その後も、ひとりで理事長室のデスクを叩きながら「ぐあぁぁ! クソがぁぁ! クソッ! クソッ!」と絶叫するなど、だいぶ情緒が不安定になってきた市子理事長。このあと、今回のハイライトが訪れました。

いろいろあって前理事長の智信(光石研)の殺害を主導していた市子さん。理事会の場で、証拠となる映像をつかんだ海斗と佑馬に追及されると、最初ははぐらかしていたものの、大友の盗聴テープがとどめとなって万事休す。罪を認めるしかなくなりました。

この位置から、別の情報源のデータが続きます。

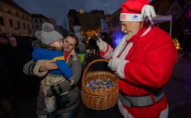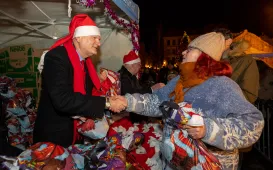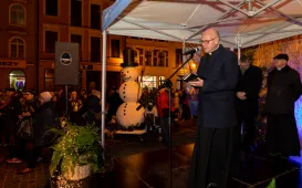 Prezydent Torunia Michał Zaleski oraz duchowni kilku kościołów, w tym rzymsko-katolickiego, grecko-katolickiego, prawosławnego i ewangelicko-augsburskiego złożyli wszystkim przybyłym na plenerową Wigilię Miejską (20 grudnia 2023 r.) bożonarodzeniowe życzenia.

「おかしいだろ! なんでそんな偉くなりたいんだよ! 狂ってるよ!」

佑馬が詰め寄ると、市子はおもむろに立ち上がって佑馬の顔面に左右の掌底を連打。

「おまえのためだろうが! じぇーんぶ(全部)! おまえのためだろうが!」

会議机の上に佑馬を引きずり倒すと、素早くマウントポジションを取って相手の動きを封じ、罵詈雑言という名のパウンドを叩きつけます。

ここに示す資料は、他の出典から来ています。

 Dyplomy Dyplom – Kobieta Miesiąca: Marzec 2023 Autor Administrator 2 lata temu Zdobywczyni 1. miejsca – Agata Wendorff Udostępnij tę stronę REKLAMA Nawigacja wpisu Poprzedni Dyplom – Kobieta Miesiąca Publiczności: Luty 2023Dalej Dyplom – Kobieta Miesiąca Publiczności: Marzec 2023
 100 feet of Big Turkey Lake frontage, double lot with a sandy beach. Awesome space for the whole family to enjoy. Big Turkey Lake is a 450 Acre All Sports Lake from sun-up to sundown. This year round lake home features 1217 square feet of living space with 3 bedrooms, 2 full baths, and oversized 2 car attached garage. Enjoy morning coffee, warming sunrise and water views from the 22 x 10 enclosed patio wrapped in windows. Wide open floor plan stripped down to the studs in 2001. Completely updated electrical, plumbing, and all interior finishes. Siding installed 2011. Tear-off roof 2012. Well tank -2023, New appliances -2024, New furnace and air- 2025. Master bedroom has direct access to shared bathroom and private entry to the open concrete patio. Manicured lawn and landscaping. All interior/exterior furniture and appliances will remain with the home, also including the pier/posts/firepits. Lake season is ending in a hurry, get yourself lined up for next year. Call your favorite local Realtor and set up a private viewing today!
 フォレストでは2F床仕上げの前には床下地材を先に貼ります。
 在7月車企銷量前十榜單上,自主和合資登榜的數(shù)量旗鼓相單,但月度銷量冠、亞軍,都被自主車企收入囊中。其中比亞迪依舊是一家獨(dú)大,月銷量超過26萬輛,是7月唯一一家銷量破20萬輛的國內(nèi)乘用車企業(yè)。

「医学部にも入れない! 就職活動もまともにできない! この病院に来ても何もできない! だからぁああ! おまえのためだろうがぁぁあ!」

鬼の形相で迫る母親に頭部をロックされ、佑馬は言葉を失ってしまいました。その一部始終を眺めていた海斗も、まるで列車の人身事故を目撃してしまった新小岩駅のホームの人みたいに顔をしかめて目をそらすしかありませんでした。

■なんでこんなひどいことに

なんでこんなひどいことになったかというと、智信さん殺しは大友によるものだと疑った海斗が佑馬をそそのかして証拠を集めてしまったからなんですね。佑馬は佑馬で身分不相応な理事のイスに座りたいと思っていて、新参者の大友が邪魔な存在である。共謀して防犯カメラ映像なんかを探っていたら、智信さんを殺したのは新院長の鮎川(梶原善)と市子だということがわかってしまった。

あと、智信さんの葬式で海斗を襲い、山奥の病院で5カ月も眠らせていたのも鮎川と市子の仕業だったこともわかりました。

市子と鮎川は警察に自首。今後、天堂記念病院の中では大友の存在感がますます大きくなっていきそうです。お話としては、「大友が謎」という以外はあんまり頭に入ってきませんし、それだけ把握しておけばよさそうです。

このドラマの濃厚な世界観を彩っていた余貴美子、梶原善、笹野高史という3人のうち、今回で2人が退場することになりました。なんだか、おもしろくなる前に濃ゆい人たちがいなくなっちゃったなぁという印象で、次回以降かなりの薄味になることが予想されます。

どうなることやら。

(文=どらまっ子AKIちゃん)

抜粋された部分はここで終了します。